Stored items
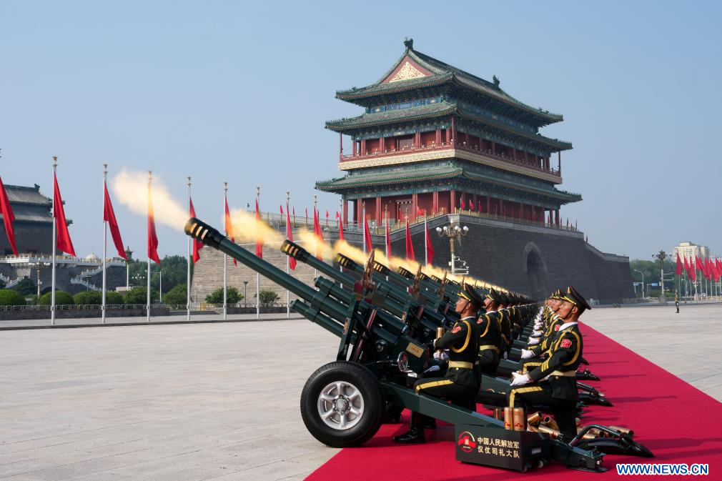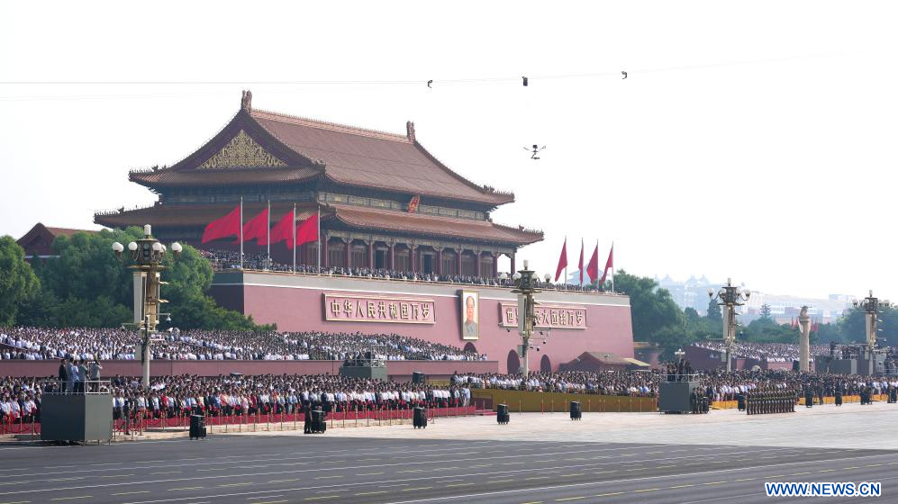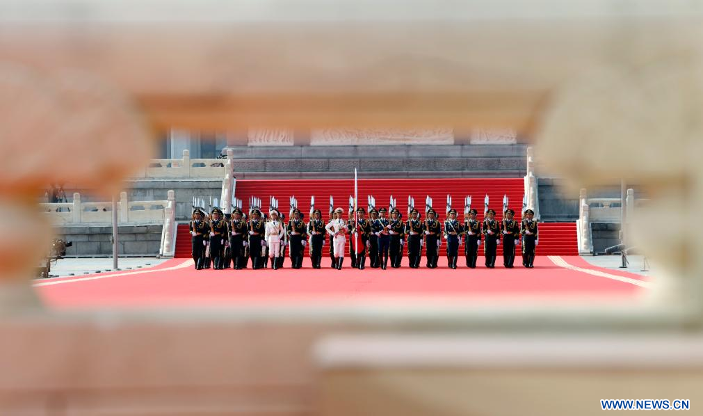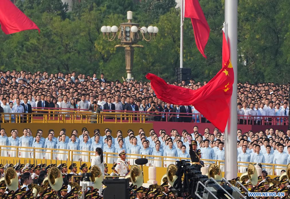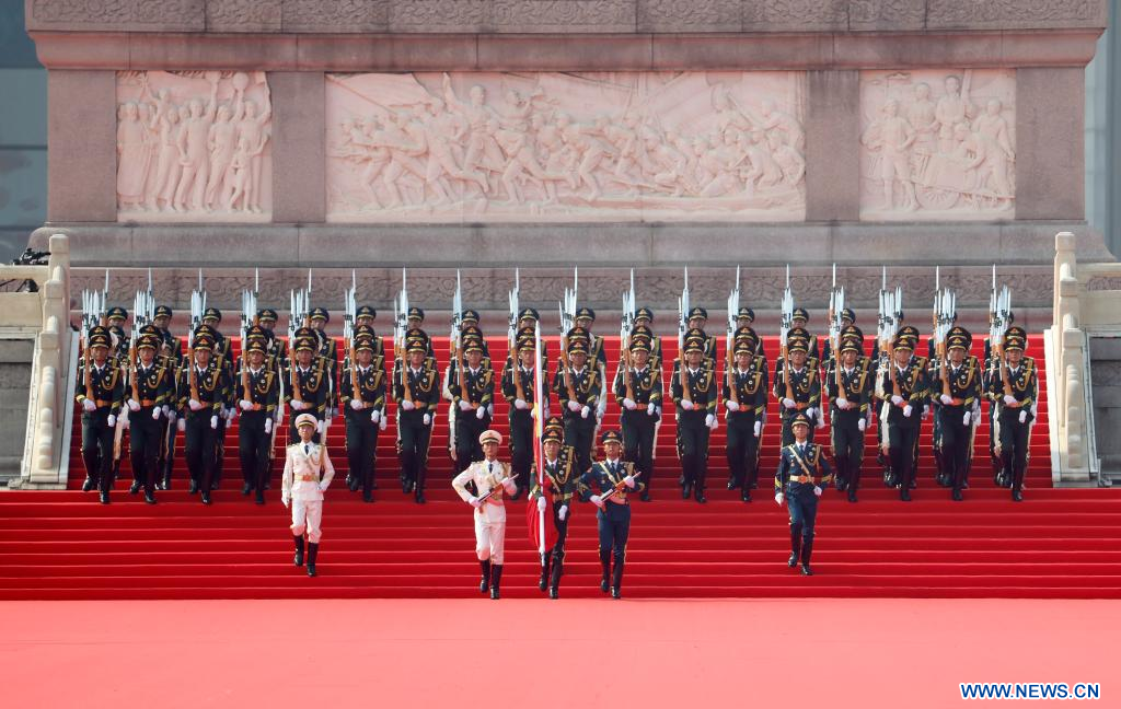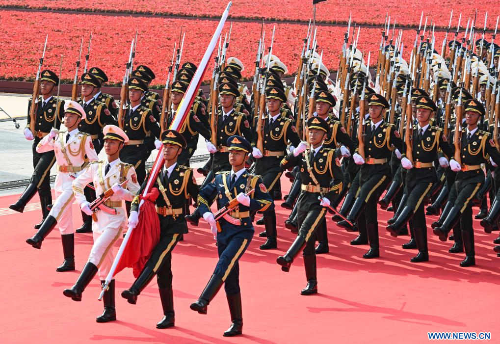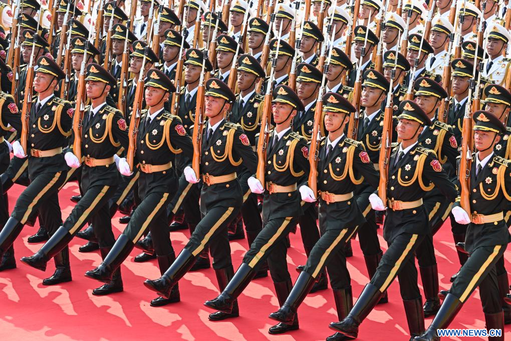BEIJING, 3 septembre (Xinhua) -- Une grande cérémonie commémorative a commencé mercredi matin sur la place Tian'anmen à Beijing pour marquer le 80e anniversaire de la victoire de la Guerre de résistance du peuple chinois contre l'agression japonaise et de la Guerre mondiale antifasciste.
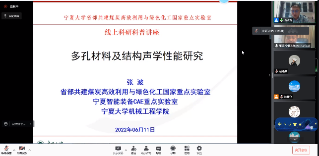 张波教授聚焦多孔材料声传播理论与吸声模型以及轻质多孔金属材料及结构多功能化研究两部分,结合自己访学经历和研究领域,通过多孔材料的吸声机理及制备方法,为大家带来了一场关于多孔材料声学性能研究的科普讲座。
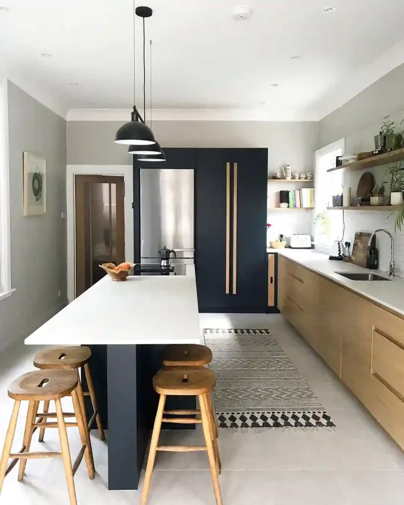 This kitchen combines modern and rustic with style. The deep navy cabinets and island legs create a bold contrast with the light wood drawers and stools. Clean lines, matte finishes, and black pendant lights add a sleek touch. The patterned rug softens the floor and brings a cozy layer underfoot. This space proves you can be minimal without being boring—it feels both grounded and fresh.
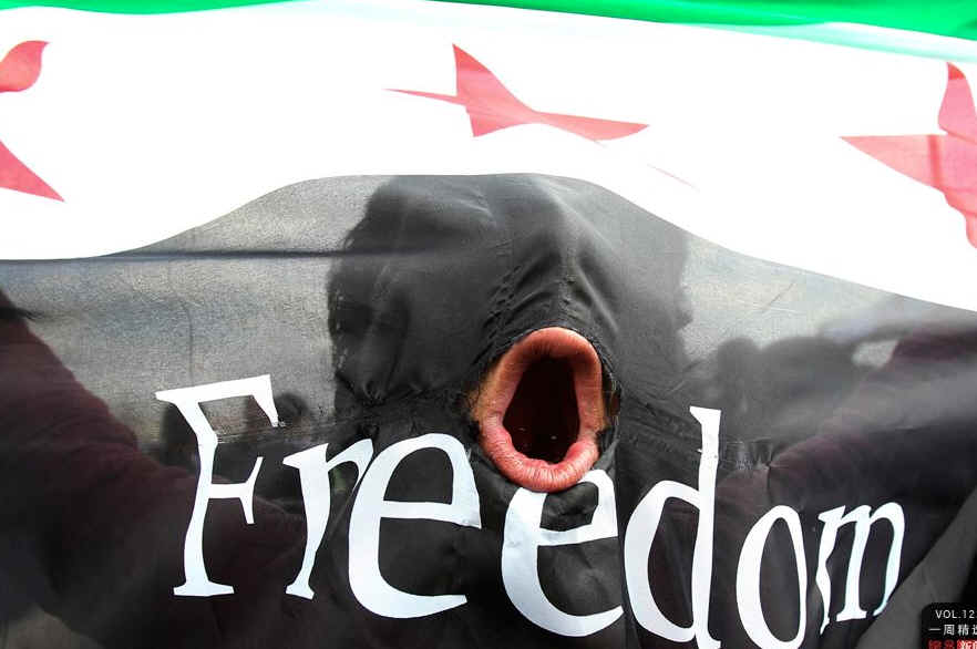 当地时间3月30日,约旦首都安曼,叙利亚难民参加反对叙利亚总统阿萨德的示威活动。REUTERS/Ali Jarekji
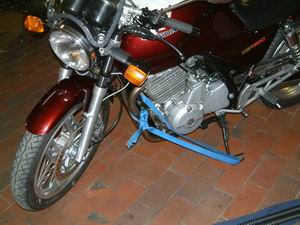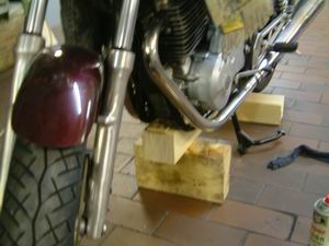 Und als Beispiel wie ich die XBR mit Hauptständer zum Gabelausbau aufbocke
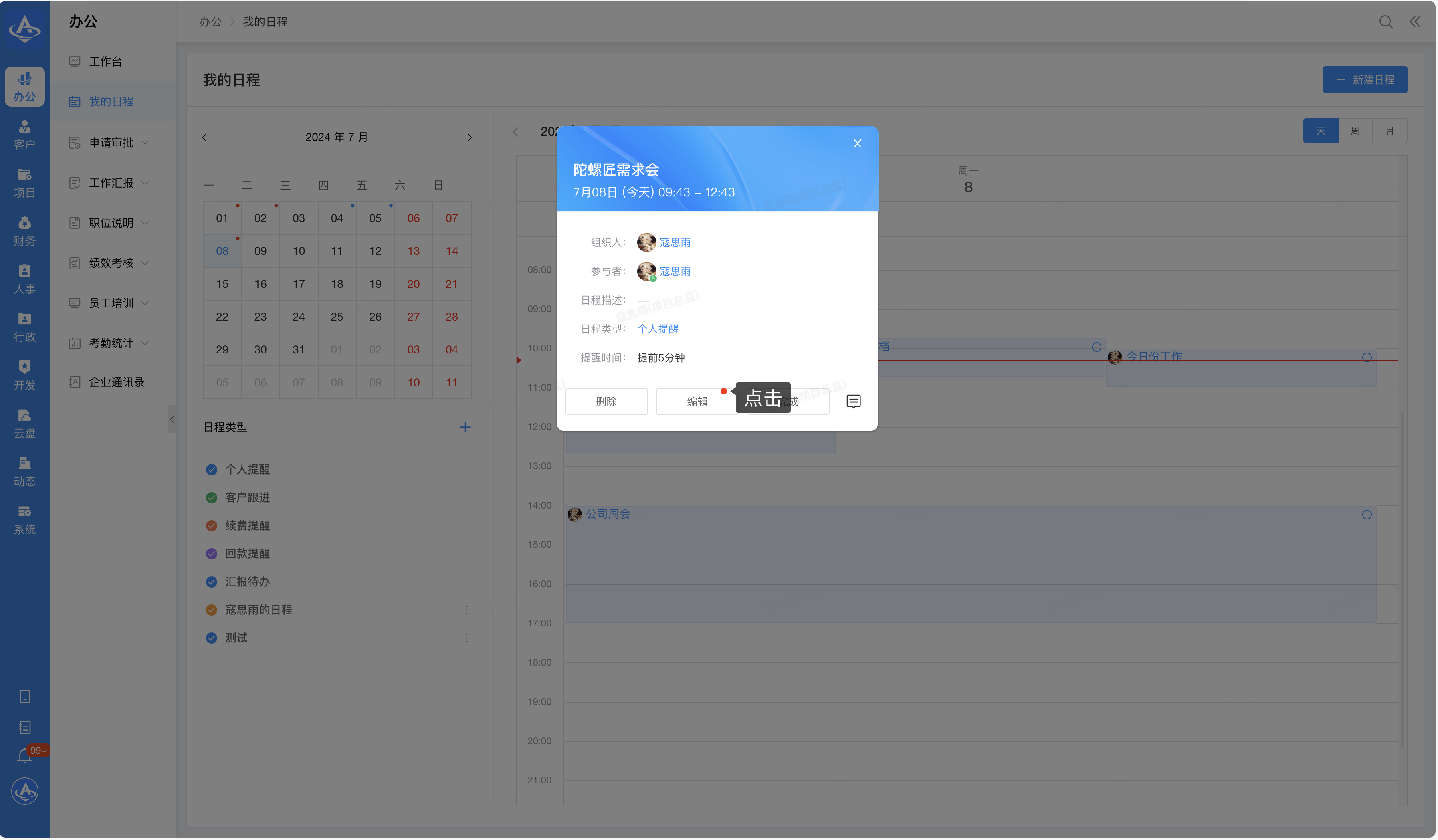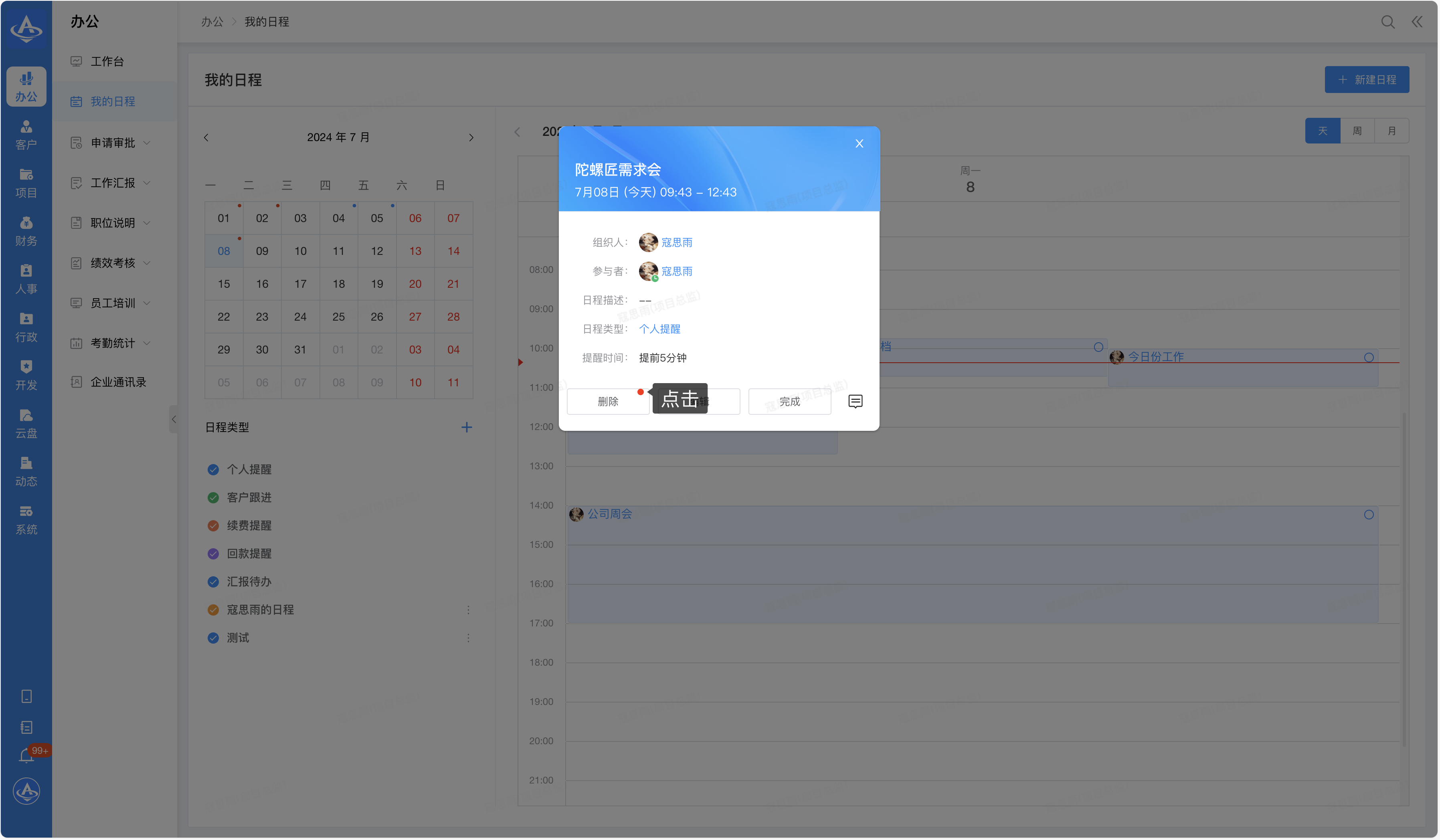 第二步:在日程任务弹窗中,点击【删除】按钮,待办日程删除成功。
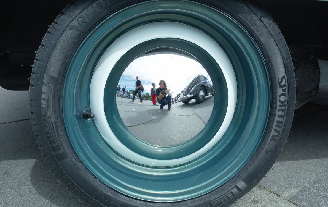 Зеркальное колесо одного из призеров выставки. Смотрите на великолепные машины бергенских энтузиастов-автолюбителей.
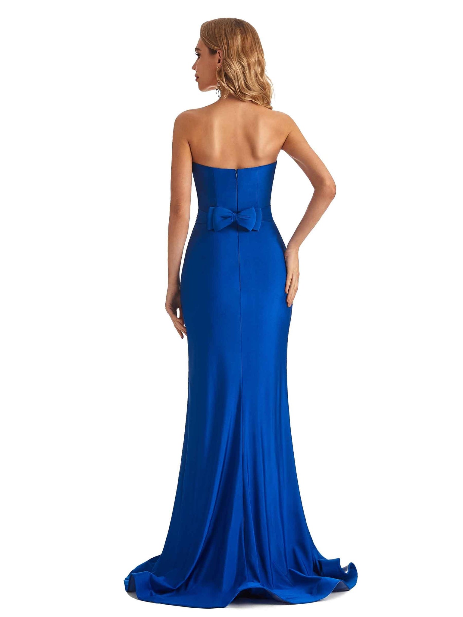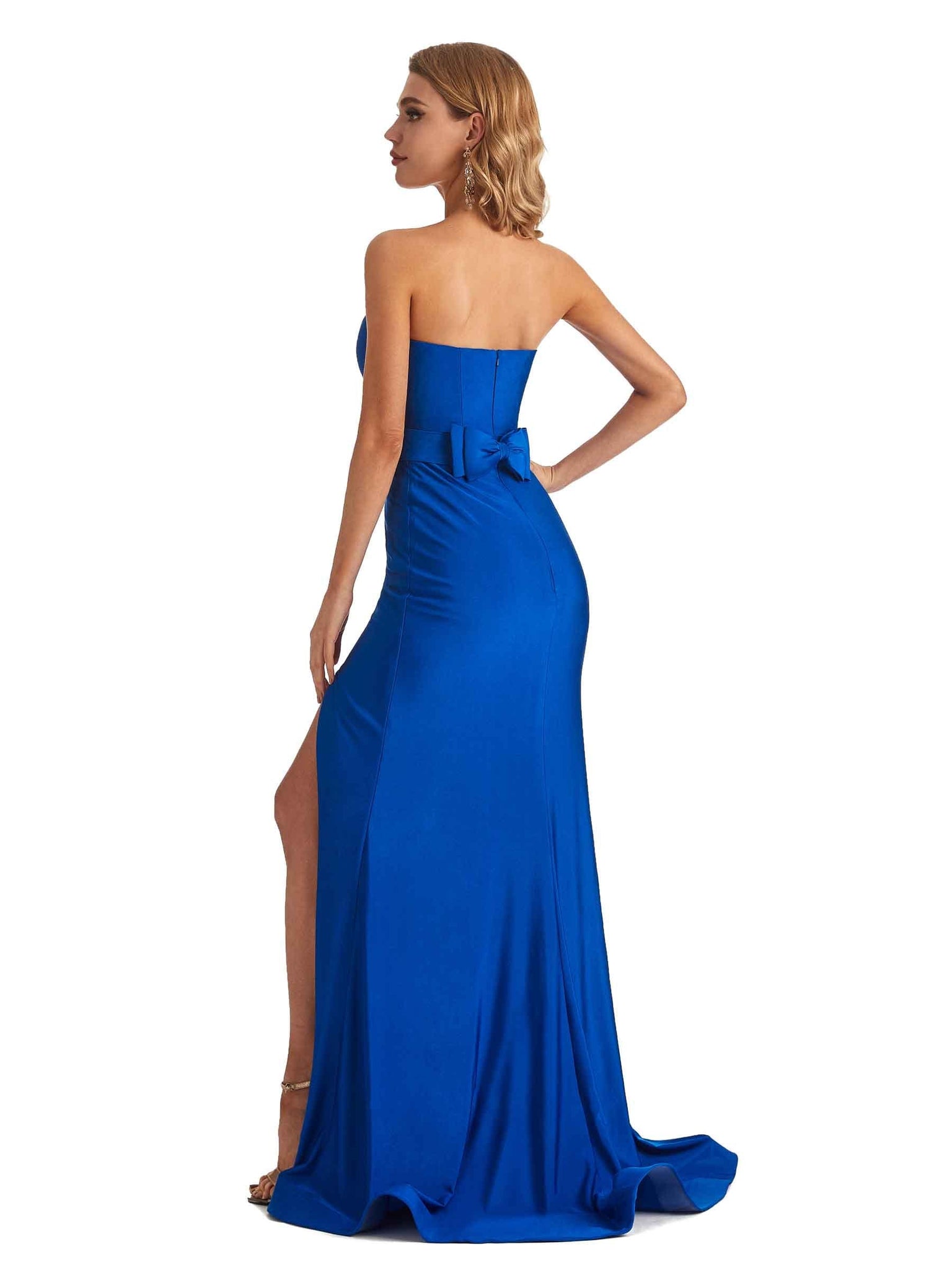 Sexy Mermaid Sweetheart Side Slit Stretch Jersey Long Bridesmaid Dresses UK
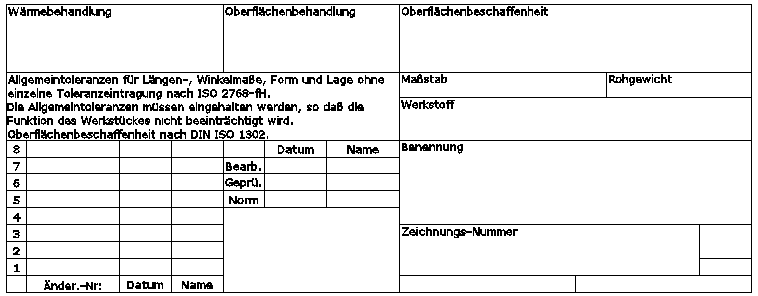 Die Schriftfelder SCHR_F_.DWG, SCHR_G_.DWG, SCHR_M_.DWG und SCHR_SG.DWG, unterscheidet sich nur vom Inhalt des Textes “Allgemeintoleranzen für Längen...”. Geben Sie für neue Schriftfelder einen neuen Namen. Der Zeichnungsnamen muss immer mit “SCHR_” anfangen

PROBLEM: Beginning at the line above that contains "Зеркальное колесо одного" and going on through the line that contains "Sexy Mermaid Sweetheart", please copy every line exactly, leaving the pictures out and adding nothing.

WRITTEN RESPONSE:
 Зеркальное колесо одного из призеров выставки. Смотрите на великолепные машины бергенских энтузиастов-автолюбителей.
 Sexy Mermaid Sweetheart Side Slit Stretch Jersey Long Bridesmaid Dresses UK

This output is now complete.